As wedded as we were to our comfy rural idyl, moving is, or can be if you go about it in the right way, about more than just responding to that immediate catalyst for it. In our case, the need for more space. We decided to seize the opportunity and view this as a chance for a new look, a new, more urban setting, and a chance to find a better ratio of the flexible home working so many now enjoy, and the buzz of the office so many miss.
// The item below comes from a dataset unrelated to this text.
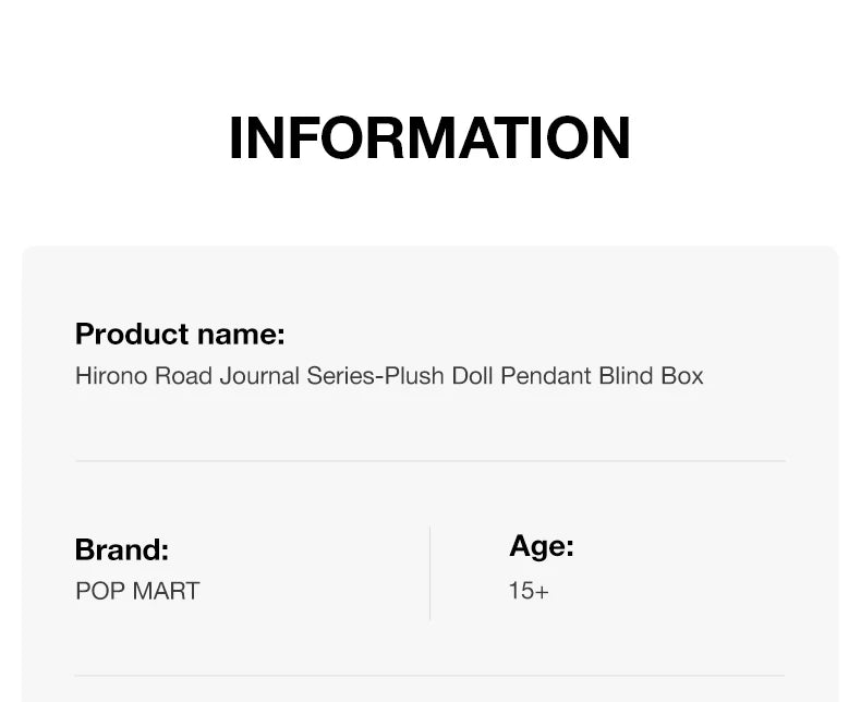 A: It is an official POP MART blind box containing one surprise Hirono Road Journal plush doll pendant. Each figure features soft plush textures, vinyl detailing, and a hanging loop, making it ideal for display or everyday use as a collectible accessory.

As I type this from my home office in Devon, these are all hopes and aims, but as you read this, we hope to be ensconed in our dead hip new environs very soon, kicking off 2022 with a cocky swagger. It’s a bold step, and one not met with universal excitement. But it’s the right thing to do. We were never going to be able to stay at Box House and the office was, in all honesty, underused in certain respects. While we’ll never replicate the pastoral elegance of our village environs, we are swapping that for access to everything a town offers, and a village lacks. We’re also trusting that our new landlord is able to realise their exciting vision for the building and the spaces immediately outside it. If they are, we’ll be early adopters of, and contributors to, a vibrant redevelopment that we’ll see taking place around us.
So if you find yourself in Melksham later this year, pop in for a brew, we’d love to see you. Just look for a big red brick chimney.